1967 novel by Simone de Beauvoir

The Woman Destroyed (La Femme rompue) is a collection of three short stories by Simone de Beauvoir, published in 1967 by Éditions Gallimard. It is one of Simone de Beauvoir's two short story collections, along with When Things of the Spirit Come First.

The Woman Destroyed focuses on women in conflict with their families and husbands, illustrating how women are "destroyed" in their relationships, and what factors, internal or external, may be responsible for that destruction.

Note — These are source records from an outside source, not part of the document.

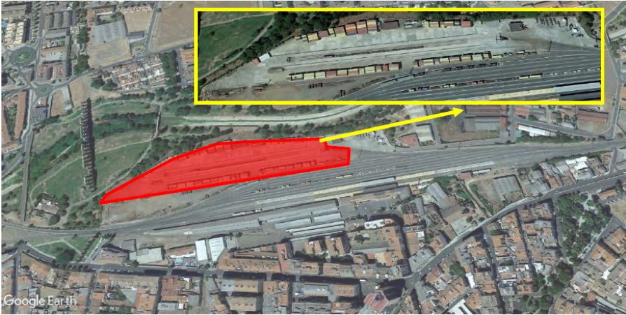 - Zona de operaciones para tratamiento Intermodal de los trenes, estocaje y transferencia a camión, con tres vías interiores dotadas de toperas . Este espacio es objeto del contrato ahora licitado..
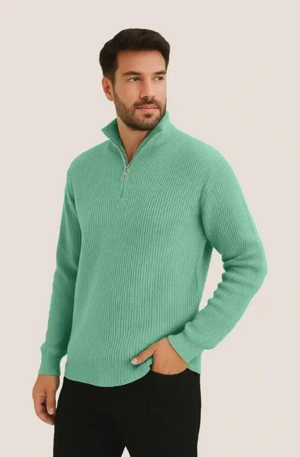 Erkek Fitilli Triko Kazak 3’lü Set – Mint Yeşili, Siyah, Bej Kalın Dokuma Pamuklu Regular Fit V Yaka Fermuarlı Uzun Kollu Rahat Kışlık Kazak Kombini
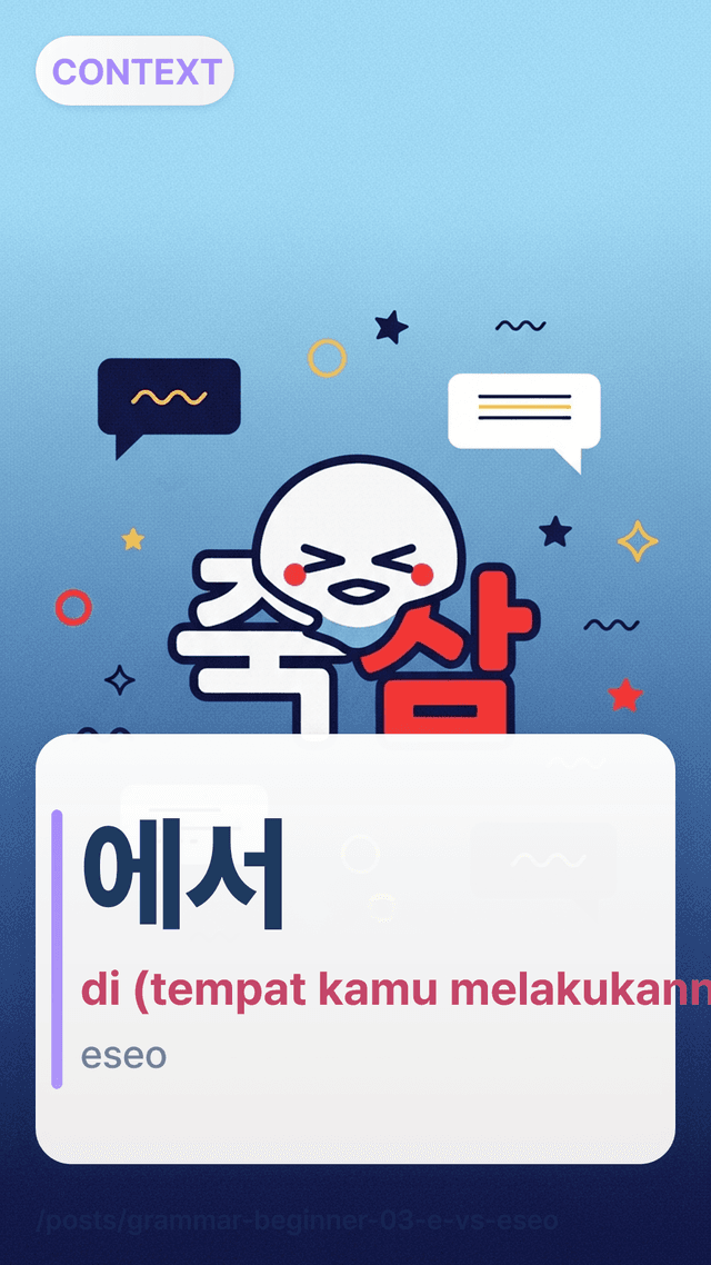 Saya masih ingat minggu pertama saya di Seoul: saya bilang ke teman bahwa saya akan “belajar di kafe” dan memakai 카페에 공부할게요kapee gongbuhalgeyo. Mereka paham, tapi langsung membetulkannya—karena belajar adalah aksi yang terjadi di suatu tempat.
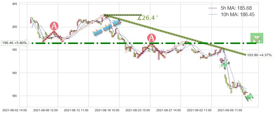 2021-08-30: 第一阻力位196.46强力阻拦了上升趋势,成功阻止了价格的继续上涨。
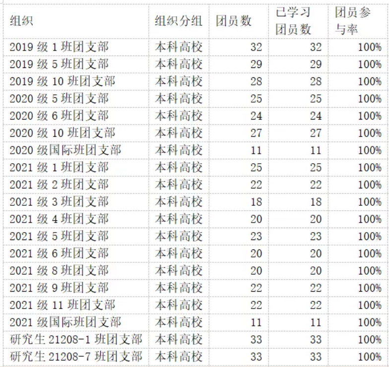 然而,仍存在许多班级完成率仍低于50%,极个别班级完成率低于20%,如研究生20208-1团支部、研究生19208-6团支部、研究生19208-1团支部、2018级08061805班团支部、2018级08061809班团支部、2018级08061804班团支部,希望这些班级在之后的学习中能够提高学习积极性,向完成率较高的团支部汲取经验,按时完成学习任务。
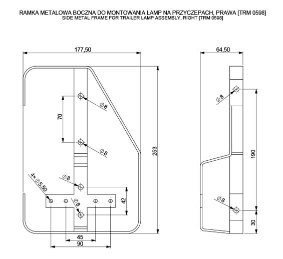 Ramka boczna do montowania lamp na przyczepach, prawa:
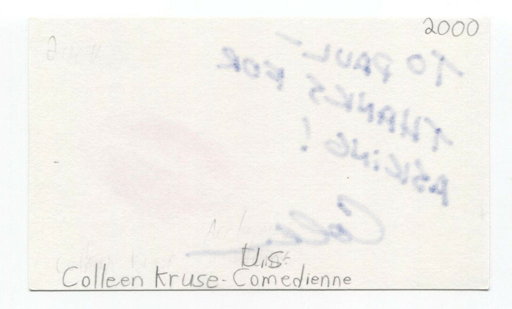Colleen Kruse Signed 3x5 Index Card Autographed Signature Comedian Comic
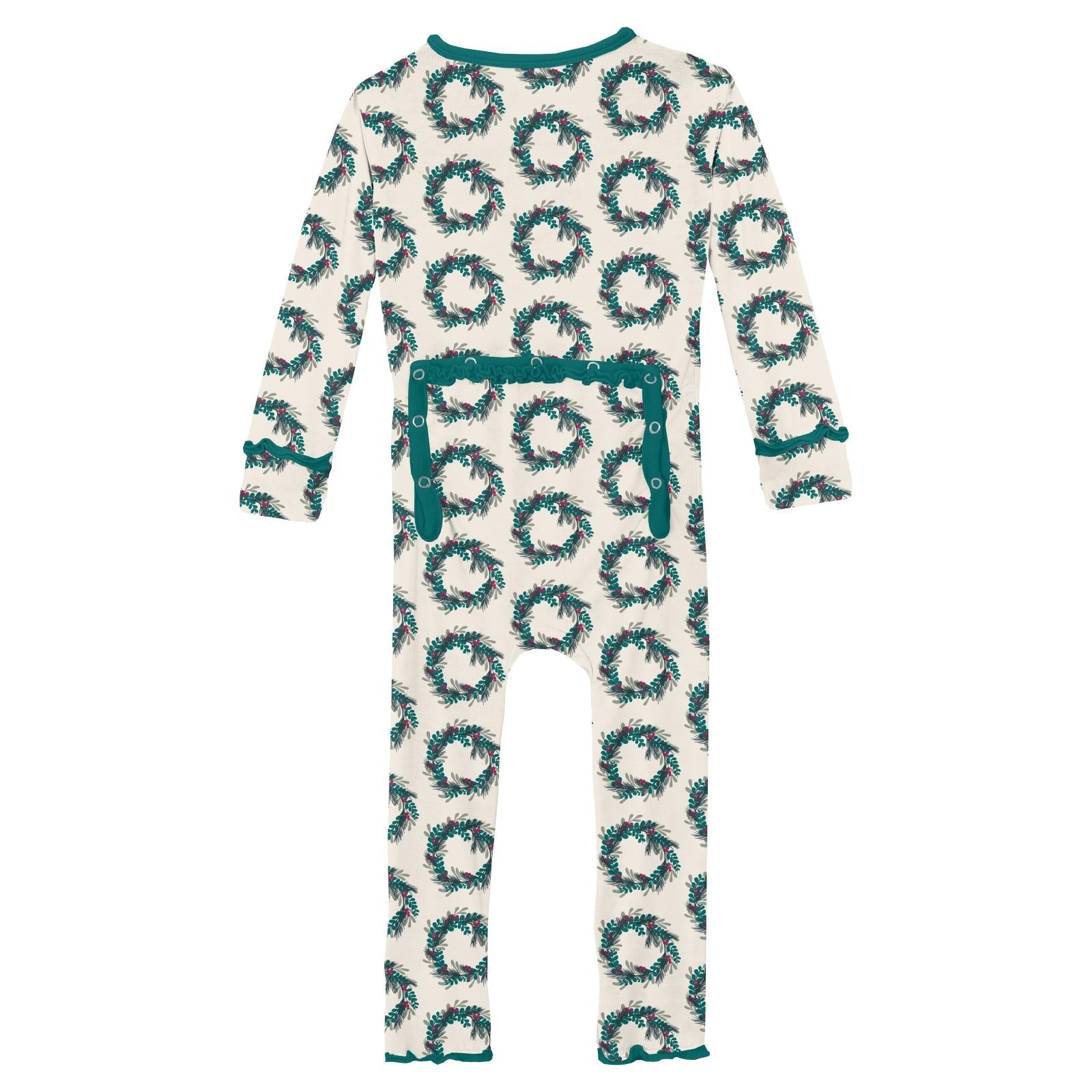 Print Muffin Ruffle Coverall with 2 Way Zipper in Natural Holiday Wreath

The last story, which shares its title with the collection, was published serially in the French women's magazine Elle. It was released in 5 parts over the course of about 4 weeks from October 19 to November 16, 1967. The story was published with engravings created by Beauvoir's sister, Hélène de Beauvoir, as well as photos of the author. This collection and Beauvoir's novel Les Belles Images were the last works of fiction she published.

== Plot ==

=== The Age of Discretion ===
In the first story, the narrator is a woman who is coming to terms with her old age amidst a painful conflict with her family. The story begins with her awaiting a visit from her son, Philippe, who is a teacher at a university. After he visits and discusses the possibility of him quitting the job for something more financially lucrative and practical, her husband, Andre, informs the narrator that Philippe has taken a position in the Ministry of Culture. Initially, the narrator blames Philippe’s wife, Irene, as she believes that Irene must have convinced Philippe to go against the political values he previously held. She gets into an argument with Philippe over the phone about his decision, and tells him they will never see each other again. The narrator strongly believes that the life of an intellectual is significantly more valuable than anything which doesn’t prioritize pursuit of knowledge, and is therefore appalled that her son would leave his old job behind so easily. Andre does not react as strongly to this development, and this difference leads to arguments between the couple. The story encapsulates the narrator’s struggle with losing control over the course of her own life as well as losing control over her family’s actions and decisions.

=== Monologue ===
This story takes the form of a long, impassioned monologue delivered by the character Murielle. She is full of grief, fury, and despair over the course her life has taken thus far. Murielle is distraught by her daughter Sylvie's suicide. She has lost custody of her son Francis to her ex-husband, she struggles to maintain a stable relationship with her mother, and she expresses deep anger at those who have wronged her in the past. Through a stream-of-consciousness monologue, Murielle reflects on the ways in which she has been let down by her loved ones and society at large.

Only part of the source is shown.